Inferring epidemic containment probability from non-pharmaceutical
interventions using a Gillespie-based epidemic model
Abstract
The Gillespie algorithm, which is a stochastic numerical simulation of
continuous-time Markovian processes, has been proposed for simulating
epidemic dynamics. In the present study, using the Gillespie-based
epidemic model, we focused on each single trajectory by the stochastic
simulation to infer the probability of controlling an epidemic by
non-pharmaceutical interventions (NPIs). The single trajectory analysis
by the stochastic simulation suggested that a few infected people
sometimes dissipated spontaneously without spreading of infection. The
outbreak probability was affected by basic reproductive number but not
by infectious duration and susceptible population size.

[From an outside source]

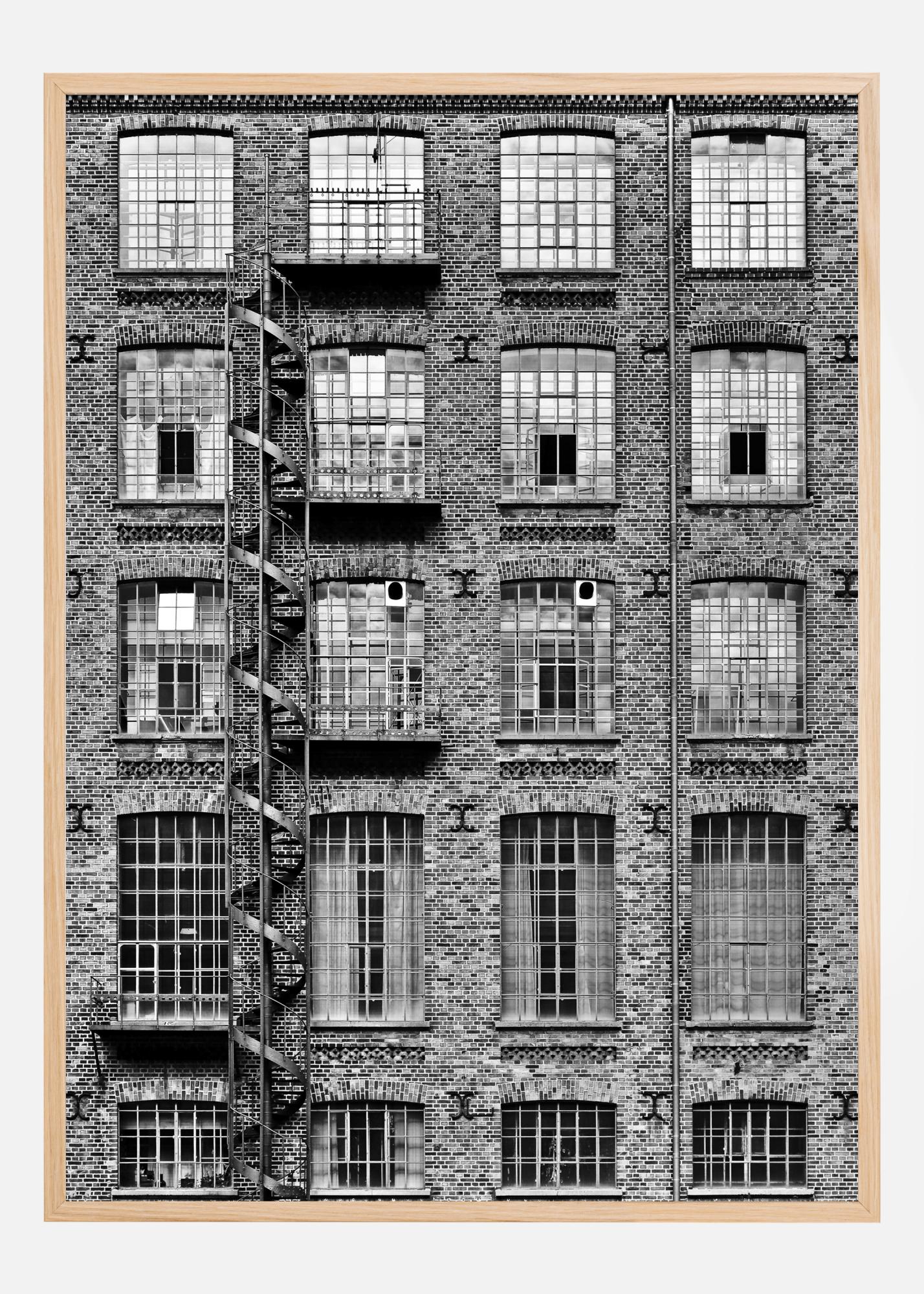 Un poster urban care arată fațada unei clădiri vechi cu o scară spiralată și meanderingă. Ferestrele pătrate și dramatice contrastează cu curbele scării. Această imprimare se potrivește excelent împreună cu formele geometrice.

A comparative
analysis suggested that the mean trajectory by the stochastic simulation
has equivalent dynamics to a conventional deterministic model in terms
of epidemic forecasting. The probability of outbreak containment by NPIs
was inferred by trajectories derived from 1000 Monte Carlo simulation
trials using model parameters assuming COVID-19 epidemic. The
model-based analysis indicated that complete containment of the disease
could be achieved by short-duration NPIs if performed early after the
import of infected individuals. Under the correctness of the model
assumptions, analysis of each trajectory by Gillespie-based stochastic
model would provide a unique and valuable output such as the
probabilities of outbreak containment by NPIs.